EXERCISE AIM. The output must consist only of the lines from the one with "Atas dasar itu" through the end of the listing, restated exactly and free of pictures.

SOURCE DATA.
......

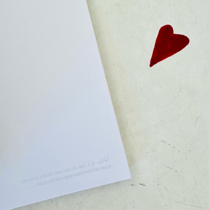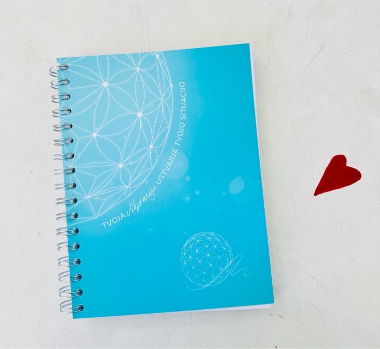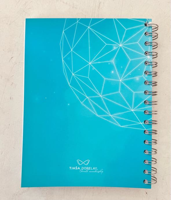 Brezčrtni zvezek je velikosti A5. Vsak list v zvezku je matrica, ki ima na strani napisano afirmacijo. Nekaj sem jih priložila na sliki. Kreatorka zvezka je Tjaša Dorelay. Zvezek nosi naslov Tvoja vibracija ustvarja tvojo situacijo. Debelina zvezka 2 cm, povezan v kovinsko špiralo.
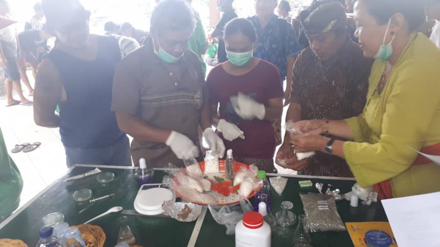 Atas dasar itu Penyuluh Kabupaten (Ketut Sumantia,SP) yang didampingi oleh Petugas dari UPTD Laboratorium DISTPHBUN Propinsi Bali, memberikan praktek pembuatan APH (Agensia Pengendali Hayati), yang menggunakan Insolat Tricoderma, dengan bahan dasar air dicampur gula aren atau air kelapa muda. Campuran tersebut di fermentasi atau digoyangkan selama seminggu. Hasil dari fermentasi itulah yang nantinya akan digunakan sebagai pestisida nabati untuk menggempur jamur akar putih yang menyerang tanaman cengkeh.
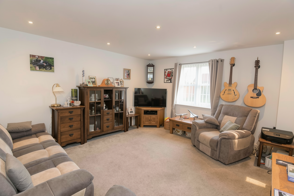 Abt. 14' 6" x 13' 0" (4.42m x 3.96m) Double glazed window to front. Television point. Inset ceiling lights. Carpet as fitted with underfloor heating.

......

RESULT BELOW.
 Atas dasar itu Penyuluh Kabupaten (Ketut Sumantia,SP) yang didampingi oleh Petugas dari UPTD Laboratorium DISTPHBUN Propinsi Bali, memberikan praktek pembuatan APH (Agensia Pengendali Hayati), yang menggunakan Insolat Tricoderma, dengan bahan dasar air dicampur gula aren atau air kelapa muda. Campuran tersebut di fermentasi atau digoyangkan selama seminggu. Hasil dari fermentasi itulah yang nantinya akan digunakan sebagai pestisida nabati untuk menggempur jamur akar putih yang menyerang tanaman cengkeh.
 Abt. 14' 6" x 13' 0" (4.42m x 3.96m) Double glazed window to front. Television point. Inset ceiling lights. Carpet as fitted with underfloor heating.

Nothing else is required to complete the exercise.